9+3

Am Anfang der Schwangerschaft habe ich niemanden etwas gesagt. Auch nicht dem Mann. Kurz nach seiner Abreise vom Meer mit den drei Großen muss ich meinen Eisprung gehabt haben, vermutlich in der Nacht als Henry so hohes Fieber bekam. Ich kann mich nur noch daran erinnern, dass ich große Schmerzen hatte und dann einfach in einem hellen Moment dachte, weil mein Fokus auf diesem glühenden Kind lag, dass ich jetzt nachts auch nicht mehr rausbekomme, woher meine starken Schmerzen kommen und zwei Ibus eingeworfen hatte und derweil nur hoffte, irgendwie würde der Fiebersaft endlich wirken und Henry helfen, tat er aber leider kaum. Es ging ihm so schlecht wie schon lange nicht mehr. 

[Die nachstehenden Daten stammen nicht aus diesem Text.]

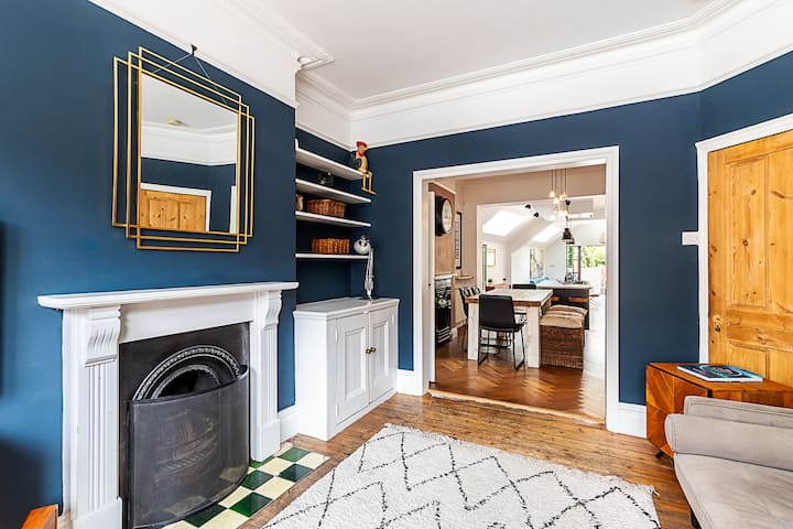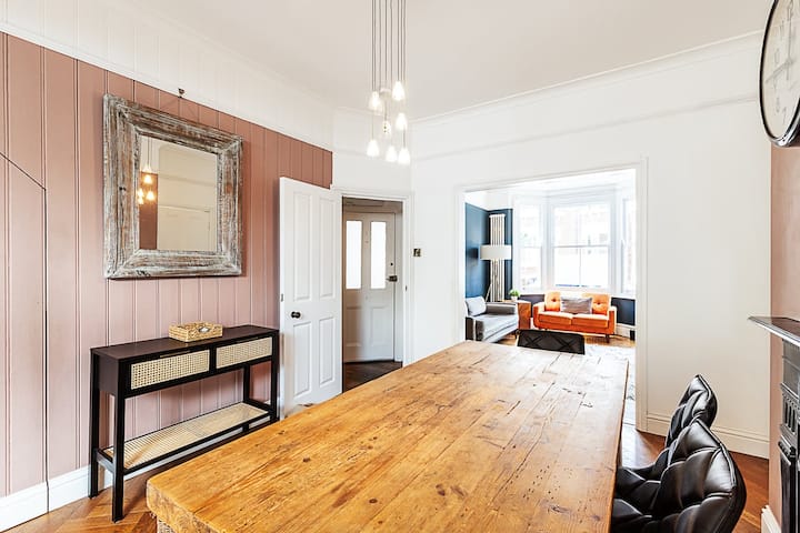Vitajte v tomto krásne štýlovom, priestrannom dome v srdci Peckham Rye – dokonalá zmes moderného pohodlia a klasického šarmu. Objekt je ideálny pre rodiny alebo skupiny a pohodlne sa v ňom vyspia až šiesti hostia s priestorom pre jedno ďalšie dieťa na rozťahovacej posteľke. Rozprestiera sa na troch poschodiach a ponúka uvoľnenú, domácku atmosféru s veľkorysými obytnými priestormi a premyslenými detailmi.
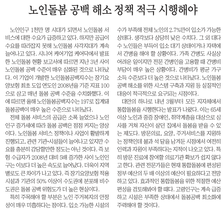 <ÁߺÎÀϺ¸>´Â 19ÀÏ 19¸é <³ëÀε¹º½ °ø¹é ÇØ¼Ò Á¤Ã¥ Àû±Ø ½ÃÇàÇØ¾ß> »ç¼³¿¡¼ ¡°³ëÀÎÀα¸ 1õ¸¸ ¸í ½Ã´ë°¡ µÇ¸é¼ ³ëÀε¹º½ ¼ºñ½º¿¡ ´ëÇÑ ¼ö¿ä°¡ ±ÞÁõÇϰí ÀÖ´Ù. ÇÏÁö¸¸ °ø±ÞÀÌ ¼ö¿ä¸¦ µû¶óÀâÁö ¸øÇØ ³ëÀε¹º½ »ç°¢Áö´ë°¡ °è¼Ó ´Ã¾î³ª°í ÀÖ´Ù. ½Ã´Ï¾î Äɾî±â¾÷ Äɾî´Ú¿¡¼ ¹ßÇ¥ÇÑ ³ëÀε¹º½ ÇöȲ º¸°í¼¿¡ µû¸£¸é Áö³ 3³â »çÀÌ ³ëÀε¹º½ °ø¹é ¼öÁØÀÌ ¸Å¿ì ½ÉÈµÈ °ÍÀ¸·Î ³ªÅ¸³µ´Ù.¡¦Æ¯È÷ ÁÖ¸ñÇØ¾ß ÇÒ ºÎºÐÀº ³ëÀÎ Áְź¹ÁöÀÇ ¾ÈÁ¤¼ºÀÌ ¸Å¿ì ¹ÌÈíÇÏ´Ù´Â Á¡ÀÌ´Ù. ÀÔ¼Ò °¡´ÉÇÑ ½Ã¼³ÀÇ ¼ö°¡ ºÎÁ·ÇØ Àüü ³ëÀÎÀÇ 2.7%¸¸ÀÌ ÀÔ¼Ò°¡ °¡´ÉÇÑ »óÅ´Ù. »ý°¢º¸´Ù »ó´çÈ÷ ³·Àº ¼öÄ¡´Ù. ±× ¿Ü ´ë´Ù¼ö ³ëÀεéÀº ºÎµæÀÌ ÀÔ¼Ò ´ë±â »óÅÂÀ̰ųª ÀÚÅÿ¡¼ °£º´À» ÇØ¾ß ÇÒ »óȲÀÌ´Ù.¡¦°ü·Ã Àü¹®°¡µéÀº ÇöÀç ÅëÇÕµ¹º½¿¡ Æí¼ºµÈ Á¤ºÎ ¿¹»êÀÇ µÎ ¹è ÀÌ»óÀÇ ¿¹»êÀÌ ÇÊ¿äÇÏ´Ù°í Àü¸ÁÇϰí ÀÖ´Ù. È¿°úÀûÀÎ ÅëÇÕµ¹º½À» À§ÇÑ ÀûÀýÇÑ ¿¹»ê Æí¼ºÀ» °ËÅäÇØºÁ¾ß ÇÒ ¶§´Ù. °í·ÉÀα¸´Â °è¼Ó ±ÞÁõÇÏ°í ½Ã¼³Àº ºÎÁ·ÇÑ »óÅ¿¡¼ µ¹º½°ø¹é ÃÖ¼ÒÈ¿¡ ÁÖ·ÂÇØ¾ß ÇÒ °ÍÀÌ´Ù.¡±¶ó°í ³ëÀÎÀÇ ÅëÇÕ µ¹º½À» À§ÇÑ ¿¹»ê Æí¼ºÀÇ Çʿ伺À» ÁÖÀåÇß´Ù. |
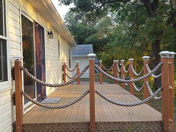 Mississippi Riverfront 2BR, 2BA pristine bungalow ranch built in 2005 includes dock! There is a lease with the Corps of Engineers on the stairs to the river, the dock, and the pump house. The owner has spared no expense to make the following updates in the past few years: All interior walls and ceilings have been freshly painted and crown molding installed. New storm doors, LED lights throughout, including garage; Installed patio; installed river rock around the house & garage; insulation in attic; bead board in kitchen; insulated all water line in the crawl space; sealed all duct work joints in crawl space; installed plastic lattice around the deck base; installed new stairs on the deck; replaced shingles on the shed; primed & painted the shed; installed new blinds/curtains in house and garage; replaced deck treads and handrails; installed gutter and downspout on downriver side of garage; planted Norway Spruce in the front yard; painted inside garage and installed base board; installed new deck; replaced pressure tank; installed rope & posts on deck. WOW!!! Check this out!! Just move in and start enjoying the river!
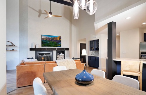 Nestled in the heart of Mountain Village, KAYENTA LODGE is surrounded by a grove of mature trees, providing a sense of cabin-like privacy. The living area features soaring vaulted ceilings, sturdy wood beams and trim, and a cozy sleeping loft accessed by a ladder. Sink into the warm leather sofa or armchair while watching the FLAT-SCREEN TV mounted next to the hearth. Large glass doors flood the space with natural light, creating a warm and inviting atmosphere—ideal for unwinding with a cocktail after a day on the slopes.
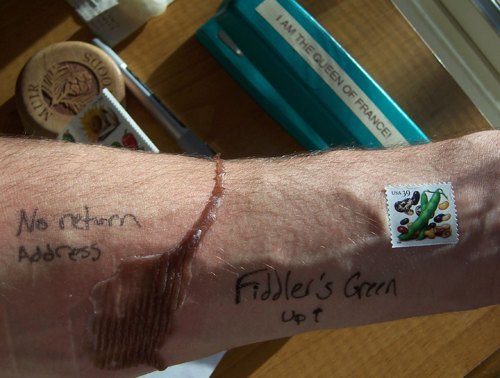 After a moment, I decided that since I'd gone through the trouble of sealing my arm, I may as well address it and apply postage. I was going to go to the post office to mail the thing, but I just couldn't let go. I love you, arm!
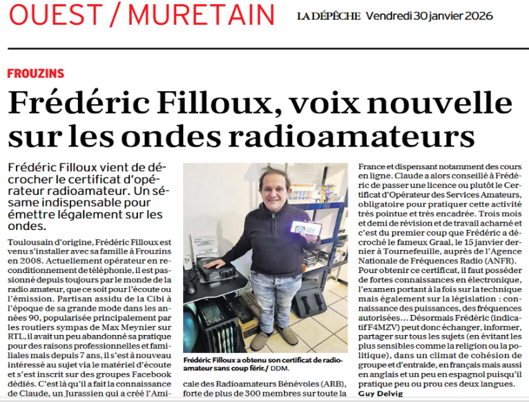 0/02/2026 Félicitations à Frédéric ! Et merci à la dépéche pour son autorisation à publier l’article sur le site et d’avoir rédigé sur le radioamateurisme!
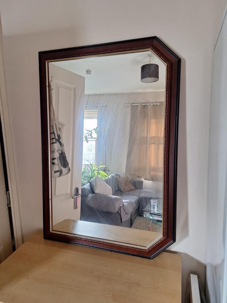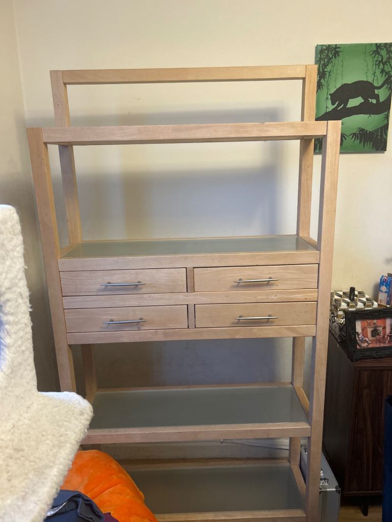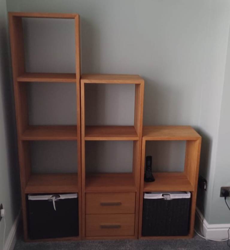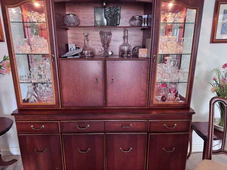 The attractive cabinet is 165cm long and 46 cm deep. The top section had two glass display cabinets with a middle section which has a cocktail cabinet with a pull out glass shelf for pouring drinks. The lower section has two small drawers each end with a cupboard underneath. The middle section has a double width, generous cutlery drawer with a double cupboard underneath. The top is joined to the lower section which makes it easier to transport.
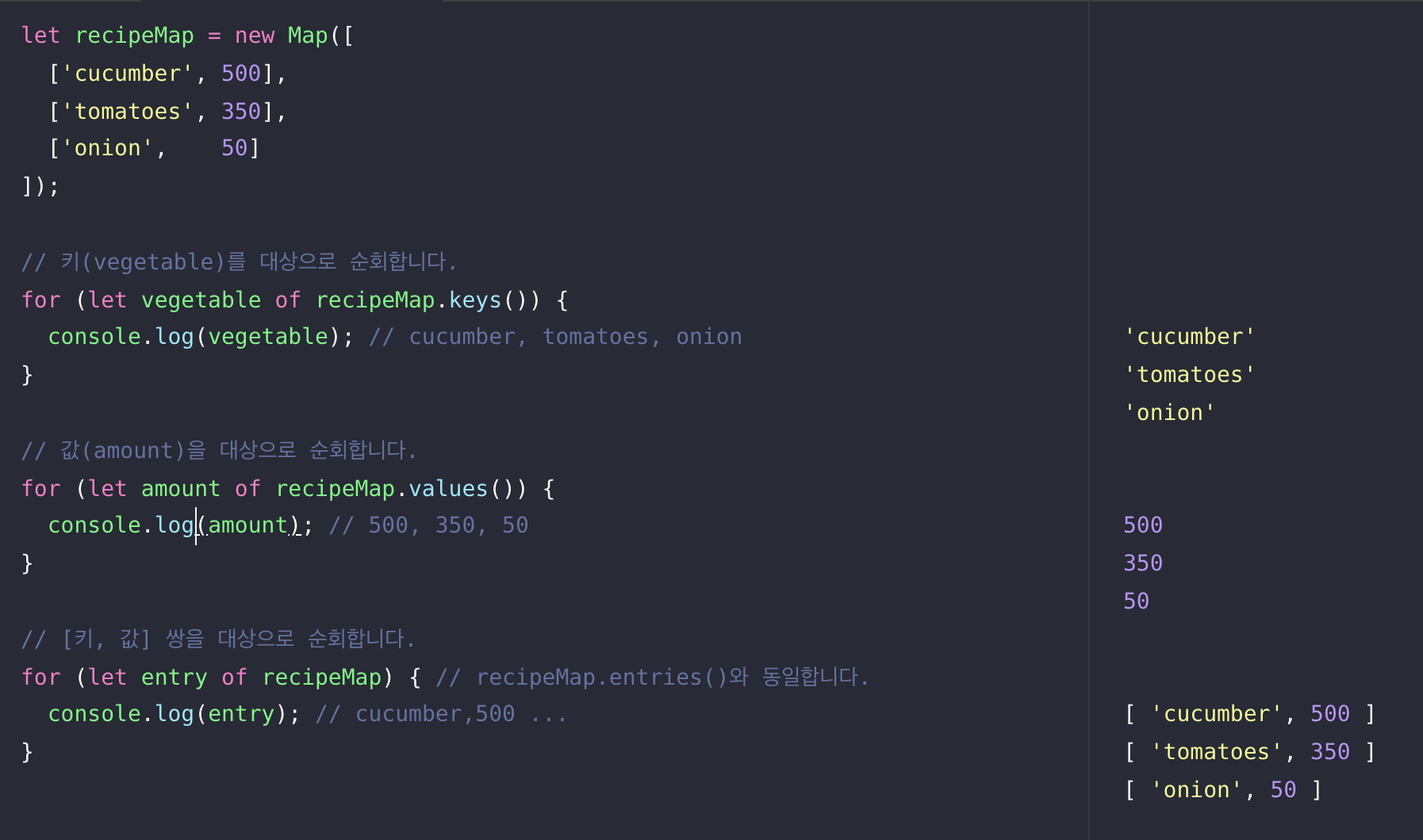 - map.entries() – 요소의 [키, 값]을 한 쌍으로 하는 이터러블 객체를 반환합니다. 이 이터러블 객체는 for..of 반복문의 기초로 쓰입니다.
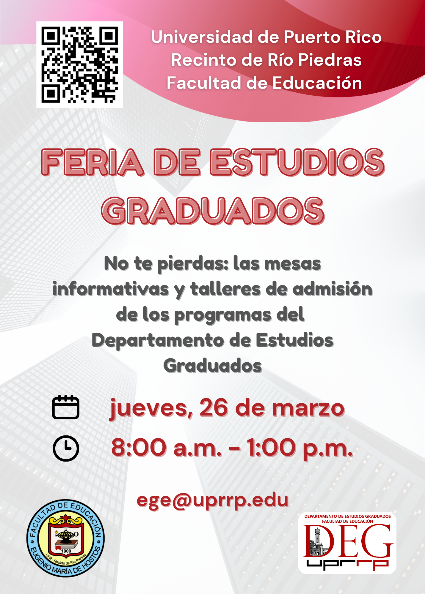 El Departamento de Estudios Graduados de la Facultad de Educación de la Universidad de Puerto Rico, Recinto de Río Piedras les da una calurosa acogida a su portal. En esta página encontrarán información sobre nuestra oferta curricular en los niveles de maestría en las especialidades de Liderazgo en Organizaciones Educativas(LOE), Currículo y Enseñanza (Español, Ciencias, Matemáticas, Historia, Educación Física, Tecnologías del Aprendizaje y en Teoría, diseño y evaluación curricular), Lectura. Escritura y Literatura Infantil, Preescolar, Educación Especial y Diferenciada, Investigación y Evaluación Educativa, Orientación y Consejería, Ciencias del Ejercicio e Inglés como Segundo Idioma; y de doctorado con las especialidades en Liderazgo en Organizaciones Educativas, Currículo y Enseñanza (Español, Ciencias, Inglés, Matemática, Historia, Tecnologías del Aprendizaje y en Teoría, diseño y evaluación curricular) y Orientación y Consejería. Además, contamos con programas de transición directa al doctorado. En estas instancias, en LOE y Currículo y Enseñanza el estudiante toma unos cursos graduados, se somete a un examen calificativo y, si lo aprueba, se integra el programa doctoral. En este portal, también encontrarán documentos informativos, de apoyo y de referencia para nuestros estudiantes mientras trabajan hacia la consecución de sus objetivos académicos.
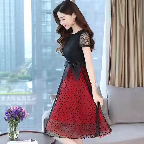 レディース ドレス パーティードレス ウェディング パーティー 結婚式 二次会 披露宴 膝下 ミモレ 半袖 ラウンドネック Aライン レース ウエストマーク ウエストリボン 切り替えデザイン ドッキング ハイウエスト シフォン 可愛い きれいめ 大人可愛い 上品 おしゃれ キュート ガーリー エレガント 清楚 シック ラグジュアリー 高級感 フェミニン 女性らしい フェアリー ドット 水玉 イベント ホテル レストラン デート 食事会 会食 高見え 女子会 S M L XL ホワイト ブラック レッド
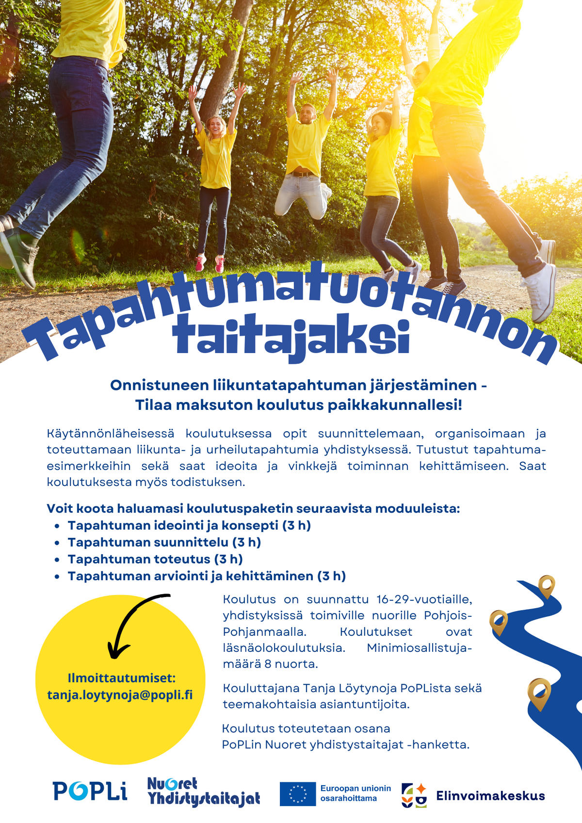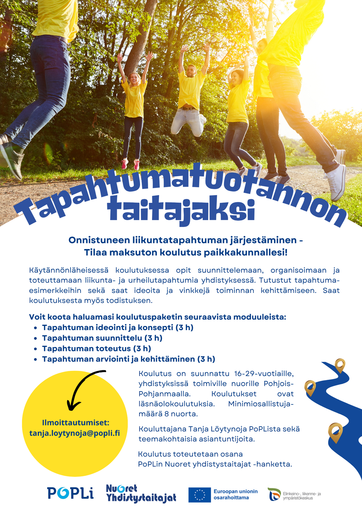 Onnistuneen liikuntatapahtuman järjestäminen -koulutus on suunnattu 16-29-vuotiaille nuorille. Kokoa nuorista minimissään kahdeksan hengen ryhmä ja ota yhteyttä Tanja Löytynojaan (etunimi.sukunimi@popli.fi), niin katsotaan koulutukselle sopiva ajankohta.
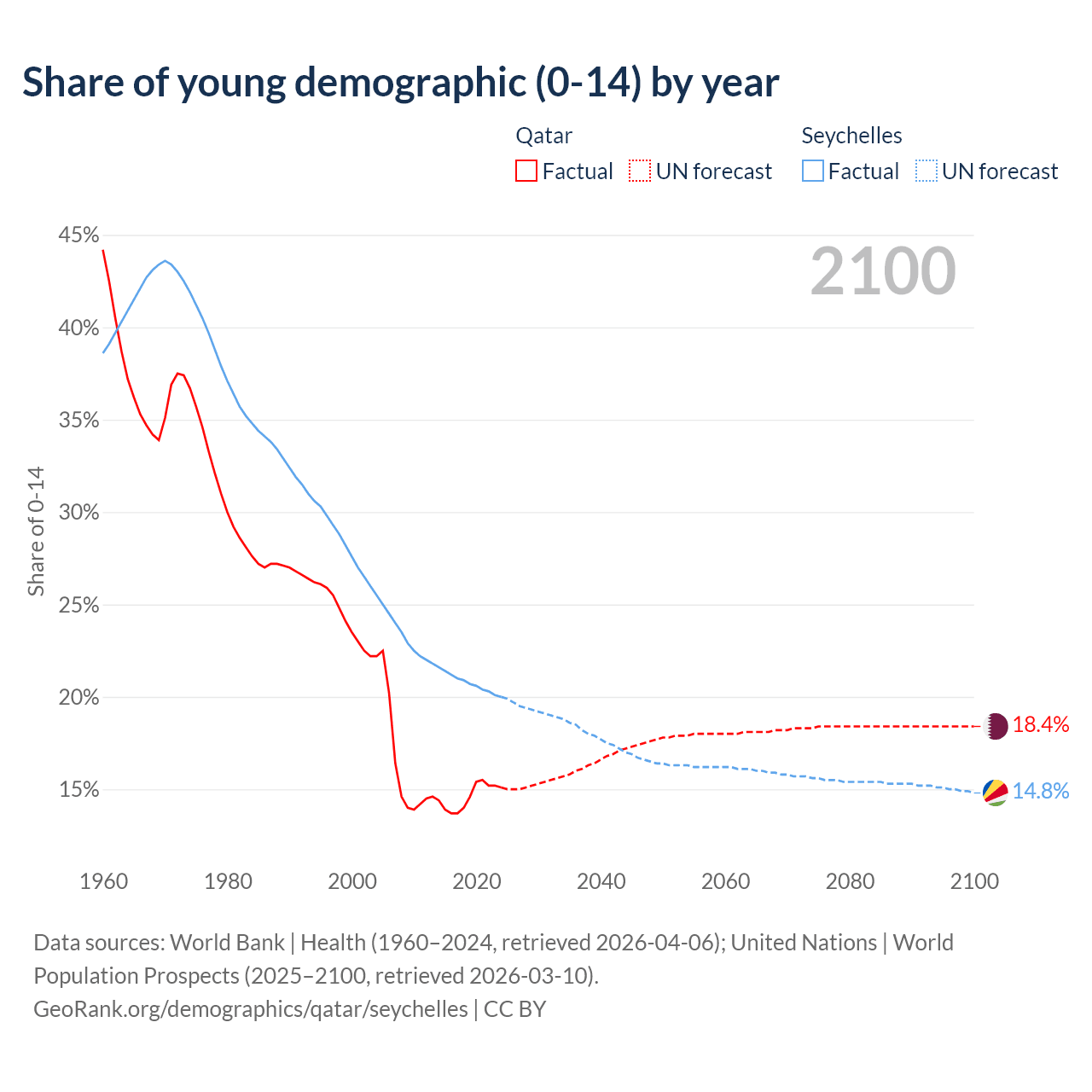 - The share of young demographic (0-15 years old) in Qatar is 15.1% vs 20% in the Seychelles.

Dann nur ein paar Tage später lag ich abends kurz in der Wanne und dachte: „Ich bin schwanger!“, ich weiss nicht warum, woher. Es war so ein Gefühl. Ich fühlte mich dabei total bekloppt. So früh wollte ich etwas fühlen? In den ersten Tagen daheim hab ich einen Test gemacht und der war so kurz nach dem vermuteten Eisprung schon positiv. Ich war wieder schwanger und immer noch allein mit den Kindern. Ich fühlte in diesen ersten Tagen erstmal nur Freude! Ich wollte es aber noch niemanden sagen, auch nicht dem Mann, weil ich nur vier Wochen vorher gleich fünf Menschen eingeweiht hatte, um dann schreiben zu müssen: „Stop! Halt! Das sieht nich gut aus!“ Also testete ich eine Woche jeden Tag, um die gleiche Zeit. Dann mit einem Wochenbestimmungstest drei Mal, bis das Stück Plastik erst „2-3“ und dann „3+“, also drei Wochen nach Eisprung anzeigte. Und ich wusste, wir haben ein weites Stück des Wegs geschafft.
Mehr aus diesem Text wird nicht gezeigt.